How do you like that, Mom? You do a lifetime of the right things, parent-wise, you give and you give and you give, and in the end your daughter loves you because you found humor in pooping your pants at the opera!?? Damn straight. Damn. Straight. (Dad, don’t show this to her, o.k???)
Temple of Vomit, Temple of Poo
March 10, 2007
When you have children you pretty much have to accept the fact that you’re going to be covered with vomit and poo for the next eighteen years. There’s nothing you can do about it, so you might as well get used to the smell of vomit and poo. Learn to embrace it, I say!
Our daughter likes to sleep in the marital bed. We don’t let her, not because we enjoy a raucous and prolific sex life, but because she sleeps like a whirling dervish. We succumbed to allowing her to sleep with us on Fridays, when it wasn’t so imortant that we be able to close our eyes all night.
Last night about 1:00 a.m. I was watching “The Guardian” (don’t bother. It’s a lame rework of “Officer and a Gentleman,”) when my husband came downstairs and, as is his practice, shouted at me that our daughter was projectile vomiting. By “as is his practice,” I mean that whenever my husband finds himself overwhelmed by the messiness of parenthood (read, poop, barf, and pee) he shouts at me as if somehow I have created the mess. In a certain way I have, but not without some help from him. So anywhoo, I wander upstairs, completely calm and serene, and hug my crying, vomiting child. She is so upset by the fire hose that has erupted out of her esophagus that she is hysterical. I hug her tight, comforting her, meanwhile feeling the vomit ooze and smear all over my body and into my hair. I take her downstairs, and quietly put her in a warm tub.

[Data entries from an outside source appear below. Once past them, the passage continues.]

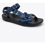 Sports women's sandals on a rubber sole. The straps are made of fabric material with a print and decorated with a bow. The presented women's shoes are fastened with Velcro straps. They adhere well to the foot!
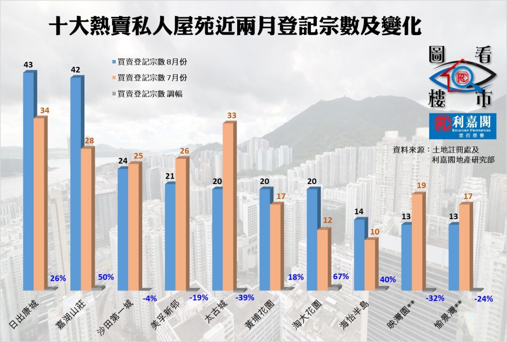 此外,上月十大活躍二手私人屋苑登記量中,錄得升跌各半,其中以太古城的跌幅最大,月內共錄20宗登記,按月大減39%;其次映灣園也跌32%,八月只錄13宗登記。至於,登記量錄得升幅者,以淘大花園表現最凌厲,按月漲67%,共錄20宗,嘉湖山莊也升50%,至42宗登記,排第二位;而日出康城則連月成為登記量最活躍的屋苑,八月錄43宗,按月升26%。此外,八月份十大活躍屋苑總計登記量共有230宗,較七月時的221宗升4%。
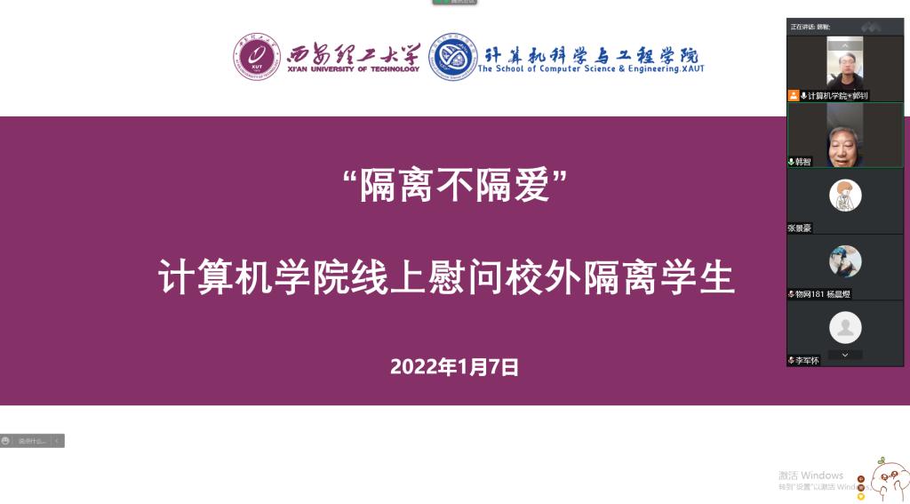1月7日晚,英国365集团党委书记韩智、经理李军怀、副书记李虹燕、辅导员张景豪、辅导员郭钊向公司14名校外隔离的同学进行了线上慰问。郭钊主持了会议。
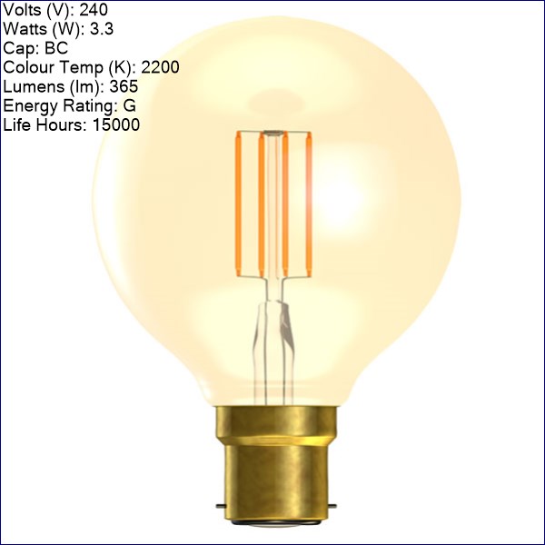 - Name: LED 3.3W Vintage Amber Globe – BC – 2200K
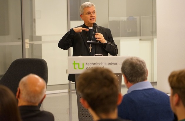Dortmund/Paderborn (pdp). Mit großem Publikumsandrang, darunter auffallend vielen jüngeren Besucherinnen und Besuchern, fand am Donnerstagabend, 20. November 2025, im Dortmunder U die Podiumsdiskussion der Reihe „rethinking religion. Gespräche über Religion im Erzbistum Paderborn“ statt. Unter dem Leitgedanken „Wie kann Zukunft gelingen?“ diskutierten der Paderborner Erzbischof Dr. Udo Markus Bentz, der Physiker und Philosoph Professor Dr. Armin Grunwald und die Salzburger Theologin Dr. Franca Spies über Perspektiven einer gelingenden Zukunft in Zeiten globaler Krisen, tiefgreifender Veränderungen und wachsender gesellschaftlicher Unsicherheiten. Organisiert wurde die Veranstaltung von der Theologischen Fakultät Paderborn und der Professur für Systematische Theologie der TU Dortmund.
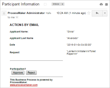 Actions by Email is a feature available on ProcessMaker Enterprise Edition. This feature allows users to receive an email where they can send information to ProcessMaker cases and also route those cases onto the next task in the process. The email can contain a link to a form stored on the ProcessMaker server to be filled out and submitted, a group of links which can be clicked to accept or reject information in the email, or multiple different options customized by the designer. Actions by Email was originally created to allow people - who are not registered users in ProcessMaker -to work on cases, but it can also be used by registered users who wish to work on cases without having to log into the ProcessMaker interface.
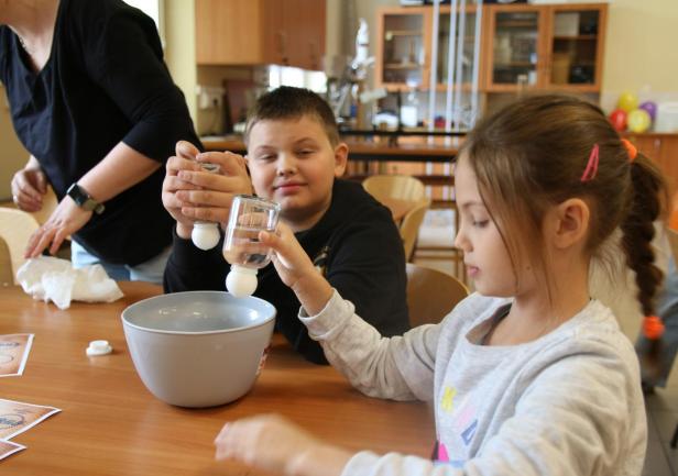 - zajęcia sensoryczne i pieczenie bułeczek,
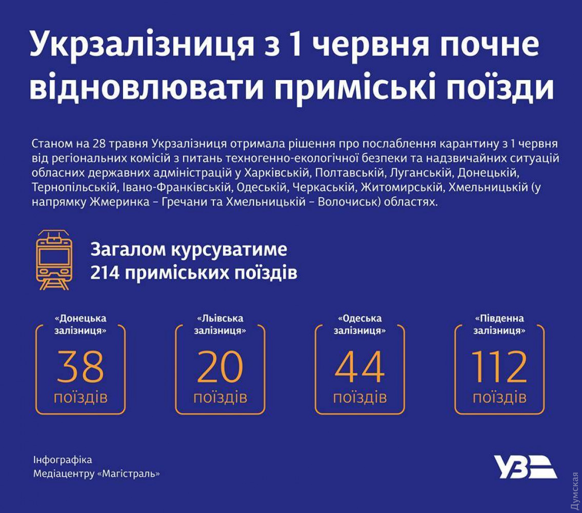 «Укрзалізниця» с 1 июня запускает 214 пригородных поездов в десяти областях Украины, где ослабили карантин. Речь о Харьковской, Полтавской, Луганской, Донецкой, Тернопольской, Ивано-Франковской, Одесской, Черкасской, Житомирской, Хмельницкой областях. Так, с 1 июня на филиале «Донецкая железная дорога» начнут курсировать 38 поездов, «Львовская железная дорога» — 20 поездов, «Одесская железная дорога» — 44 поезда, «Южная железная дорога» — 112 поездов. Напомним, что согласно постановлению Кабинета Министров Украины, назначение пригородных поездов осуществляется в соответствии с принятыми решениями региональных комиссий по вопросам техногенно-экологической безопасности и чрезвычайных ситуаций по каждой области отдельно. Раннее сообщалось, что «Укрзалізниця» полностью готова к возобновлению курсирования пассажирских поездов — с 1 июня 2020 планирует запустить 42 поезда, из которых 10 - Интерсити+ и 32 - дальнего следования. На эти поезда уже в ближайшие дни будет открыта продажа билетов. При этом «Укрзалізниця» запускает продажу билетов на поезда за 90 дней до даты отправления, а не за 45-60 дней, как это было ранее. Новые условия продажи вступят в силу с 1 июня. СМЕРТЬ РОСІЙСЬКИМ ОКУПАНТАМ! Помітили помилку? Виділяйте слова з помилкою та натискайте control-enter |
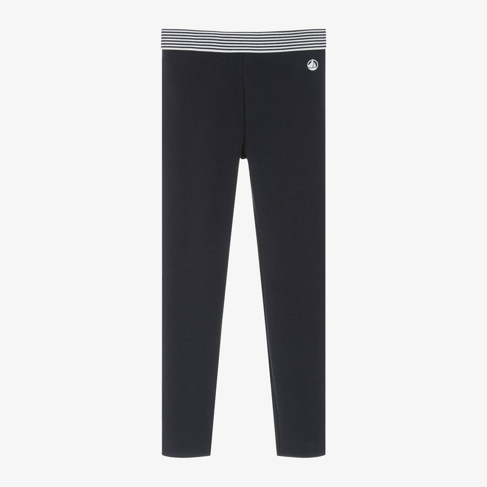 Navy blue leggings for girls by Petit Bateau, made in soft organic cotton jersey. The elasticated waistband is patterned in the brand's signature Milleraise stripes and they have the iconic white sailboat logo printed on one leg.
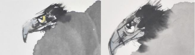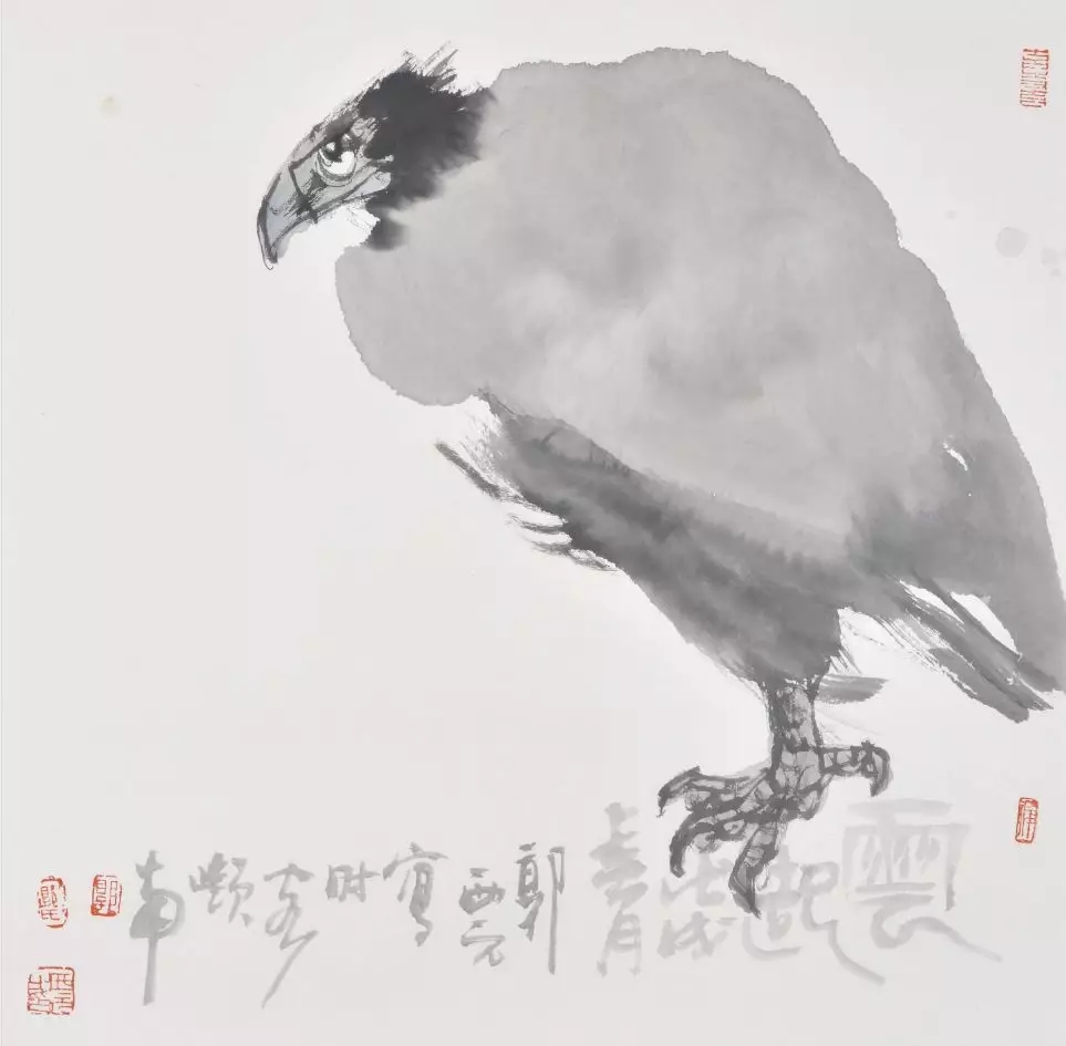 上一篇赏《峙》一幅,是郭先生写意的鹰,今日又来一只鹰,题名《云起》,若说自《峙》中,笔者读到的是一场犀利高手的等待,到了《云起》,则笔者除了等待之外,更看到一场由鹰而到人的领悟。
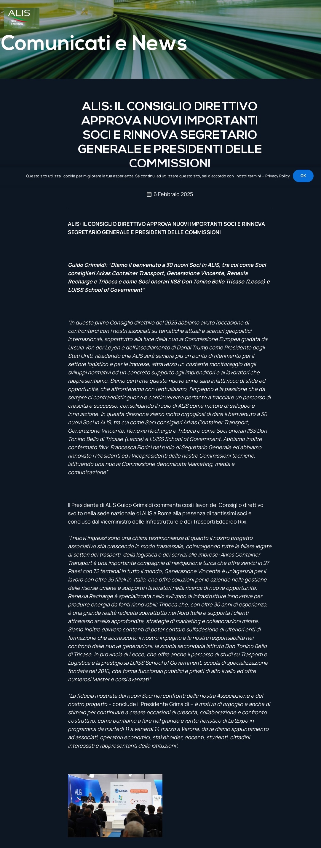 ALIS: IL CONSIGLIO DIRETTIVO APPROVA NUOVI IMPORTANTI SOCI E RINNOVA SEGRETARIO GENERALE E PRESIDENTI DELLE COMMISSIONI
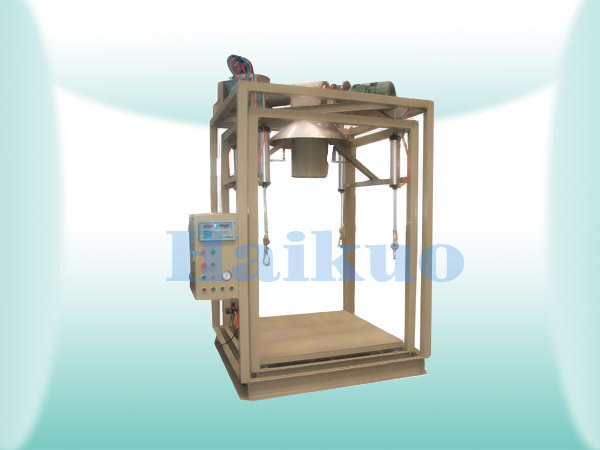 將噸包裝袋套在加料嘴上,將包裝袋四角掛在氣缸上,按動“允加”按鈕,這時壓袋氣缸開始工作并壓住袋口,氣缸將包裝袋四角撐開,控制器將包裝袋重量自動去除,螺旋轉(zhuǎn)動迅速將物料灌入袋中,振動臺開始振動將物料振實,隨袋中空氣一起溢出的粉塵通過吸塵器由除塵器吸走,待加料快到設(shè)定值時,螺旋轉(zhuǎn)速減速慢加,振動停止,到設(shè)定值時,加料停止。誤差<0.3%。這時壓袋氣缸松開袋口,氣缸將包裝袋四角松開,鏟車將包裝袋送出。
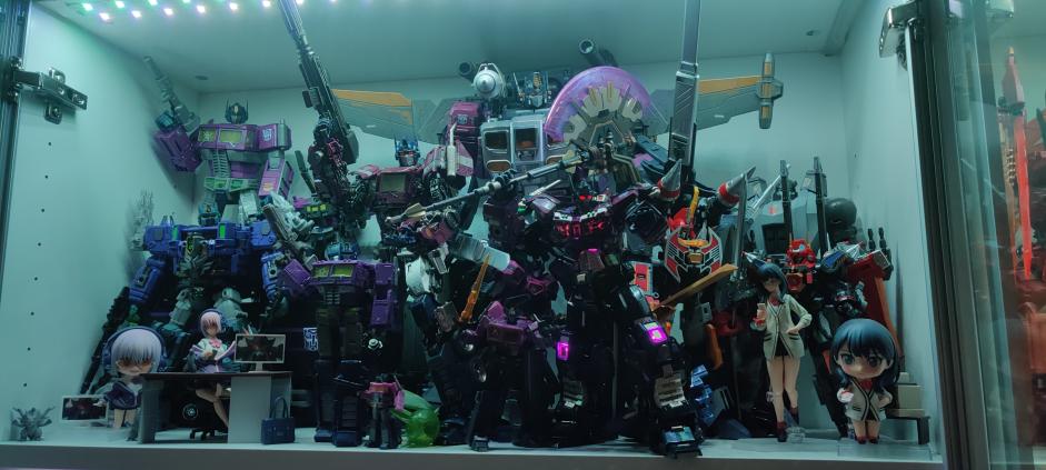 The aforementioned “purple Optimus waifu shelf” is indeed real and it is indeed the top shelf on that cabinet.

Within twenty minutes, she is clean, dry, happy, and fast asleep.
And I smell like vomit. I shower at about 2:00 a.m., and because I’m wide awake, watch the end of “The Guardian.” (It doesn’t improve. The only redeeming thing about the movie is getting to look at Ashton Kutcher for two solid hours. Nothing more).
This morning, our house smells of vomit. We had to put all of our bedding outside until we can get it through the wash. I had to buy candles to light throughout the house to cover the smell.
To make matters worse, I was in the bathroom at about ten a.m. this morning and, because I haven’t gone to the bathroom alone in six years, my dog was in the bathroom with me. He puked all over the floor.
On my first day back to work after my maternity leave ended six years ago, I put on a nice suit and a pair of high heels and headed of to court. My baby puked all over my jacket five minutes before I left the house. I don’t think I ever got the smell of puke out of my hair that day. It should have been an omen to me. My life had changed and it would never be the same. I will always be covered in poo or vomit, if not literally, in the figurative sense. Parenthood is worth it though, because by the time you become a parent - hopefully - cleaning up after your own vomit has become a wee bit old and it’s time to make someone else the center of the universe. The center of a universe of poo, pee, puke, and love.
Epilogue: Sunday, 0700 hours. I don’t feel so good. I puke my guts out for a couple of hours, go back to bed, and don’t wake up until Monday 0730 hours. It is now Monday 0952 hours. I think I am going to die . . . .
Adoption Blog
March 9, 2007
First of all, thank you ALL for the comments of support and encouragement you sent yesterday when I announced our imminent trip to China. I never thought I would find - in cyberspace - such wonderful people as you.
If any of you are interested, I’ve started a blog on the whole adoption process here: A Song Heard Far Away. This blog, however, will remain as sophomoric and childish as ever.
Shenzhen
March 7, 2007
In June or July my husband, my daughter, and my mother and I will be travelling to Shenzhen to adopt our new two year-old daughter, Song Song. She is beautiful. We will give her an American name, although it hasn’t been decided upon.
I am somewhat consumed with this prospect and its attendant plans and questions. I may start a new blog about it. If so, I may place this one on hiatus for awhile. What say ye?